This clinical trial studies whether esophageal cytology plus fluorescence in situ hybridization (FISH) is equal to or better than esophago-gastro-duodenoscopy (EGD) or upper endoscopy for the early detection of esophageal cancer. Genes are the units of deoxyribonucleic acid (DNA) the chemical structure carrying genetic information that determine many human characteristics. Certain genes in cancer cells may determine how the tumor grows or spreads and how it may respond to different drugs. Part of this study is to test those genes in esophageal cells using FISH.

Condition or Disease Intervention/Treatment Phase
  • Other: Cytology Specimen Collection Procedure
  • Procedure: Esophagogastroduodenoscopy
  • Other: Laboratory Biomarker Analysis
 N/A

Detailed Description

PRIMARY OBJECTIVES:
  1. Determine if sponge cytology with FISH is a reliable screening tool for esophageal dysplasia/cancer, and determine its sensitivity and specificity, compared to the gold standard procedure (upper endoscopy).
SECONDARY OBJECTIVES:

  1. Determine if the cytology screening with FISH biomarkers is more cost effective than upper endoscopy for the screening of esophageal cancer and the surveillance of esophageal metaplasia and dysplasia.

  2. Determine the limitations and future needs to improve this technique.

OUTLINE:

Participants swallow the capsule (Oesotest from Actimed) and then wait 10 minutes before the sponge is pulled out through the esophagus by gentle traction on the string.
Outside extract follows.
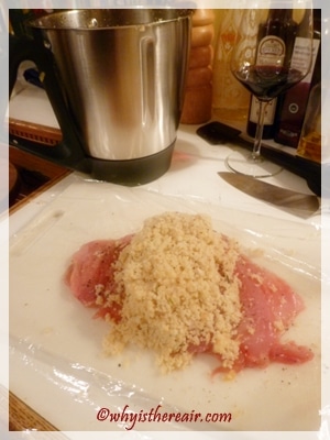 Make a stuffing with some bread, shallots or onions, garlic, herbs such as rosemary or thyme, salt and pepper. Chop a few seconds in your Thermomix on Speed 5 or 6 until you get the consistency you want: rough chopped or finely grated.
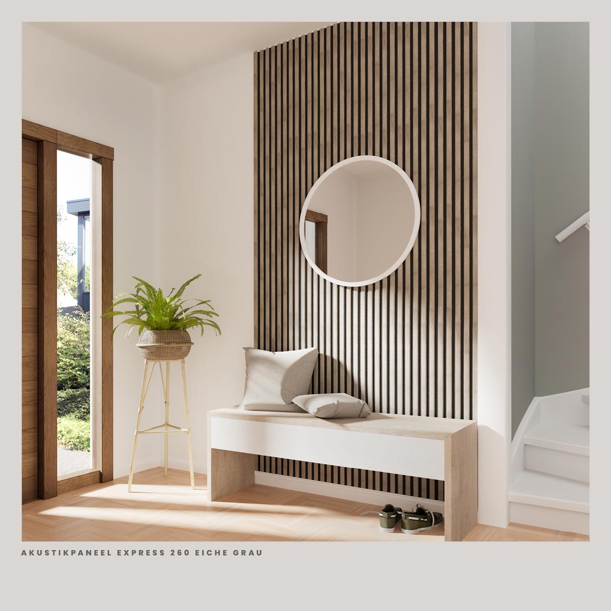 Akustikpaneele in Eiche Grau für ruhige und moderne Räume

Cytology samples from the sponge are harvested and analyzed by FISH. Participants then undergo standard EGD or upper endoscopy.

Study Design

Study Type:
Interventional
Actual Enrollment :
50 participants
Allocation:
N/A
Intervention Model:
Single Group Assignment
Masking:
None (Open Label)
Primary Purpose:
Screening
Official Title:
Esophageal Cancer (10030139, 10066354) Screening With FISH in Esophageal Cytology
Study Start Date :
Feb 1, 2014
Actual Primary Completion Date :
Dec 1, 2015
Actual Study Completion Date :
Dec 1, 2015

Arms and Interventions

Arm Intervention/Treatment
Experimental: Screening (esophageal cytology, FISH)

Participants swallow the capsule (Oesotest from Actimed) and then wait 10 minutes before the sponge is pulled out through the esophagus by gentle traction on the string. Cytology samples from the sponge are harvested and analyzed by FISH. Participants then undergo standard EGD or upper endoscopy.

Other: Cytology Specimen Collection Procedure
Undergo esophageal cytology collection
Other Names:
  • Cytologic Sampling

    • Procedure: Esophagogastroduodenoscopy
    Undergo standard EGD or endoscopy
    Other Names:
  • EGD

    • Other: Laboratory Biomarker Analysis
    Correlative studies

    Outcome Measures

    Primary Outcome Measures

    1. Sensitivity of Sponge Cytology Using FISH [At the time of sponge cytology and EGD]

      All processed (FISH) esophageal cells will be compared to the final pathologic esophageal diagnoses determined by EGD or surgical resection to assess the test's sensitivity and specificity for the diagnosis of esophageal cancer. Using EGD diagnostic outcomes as the gold standard, the sensitivity and specificity will be computed with corresponding 95% confidence interval of the FISH sponge cytology test in the study population.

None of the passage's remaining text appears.